╔══

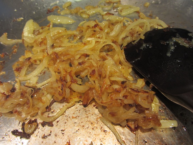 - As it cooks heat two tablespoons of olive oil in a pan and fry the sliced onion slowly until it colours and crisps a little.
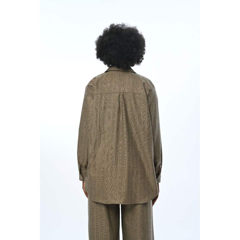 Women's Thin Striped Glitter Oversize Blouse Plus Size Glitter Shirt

╚══
╔══

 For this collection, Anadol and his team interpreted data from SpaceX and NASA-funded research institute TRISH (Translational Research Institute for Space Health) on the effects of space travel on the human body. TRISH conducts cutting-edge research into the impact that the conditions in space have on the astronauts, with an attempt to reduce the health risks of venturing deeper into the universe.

╚══
╔══

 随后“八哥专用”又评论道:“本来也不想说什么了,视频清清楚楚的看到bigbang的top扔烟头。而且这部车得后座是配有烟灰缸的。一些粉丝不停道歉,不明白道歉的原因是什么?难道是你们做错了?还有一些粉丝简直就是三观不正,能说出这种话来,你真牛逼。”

╚══

Between and including the line above that contains "- As it cooks" and the line that contains "Women's Thin Striped", restate every line word for word. Pictures stay out.

- _Exercise result_:
 - As it cooks heat two tablespoons of olive oil in a pan and fry the sliced onion slowly until it colours and crisps a little.
 Women's Thin Striped Glitter Oversize Blouse Plus Size Glitter Shirt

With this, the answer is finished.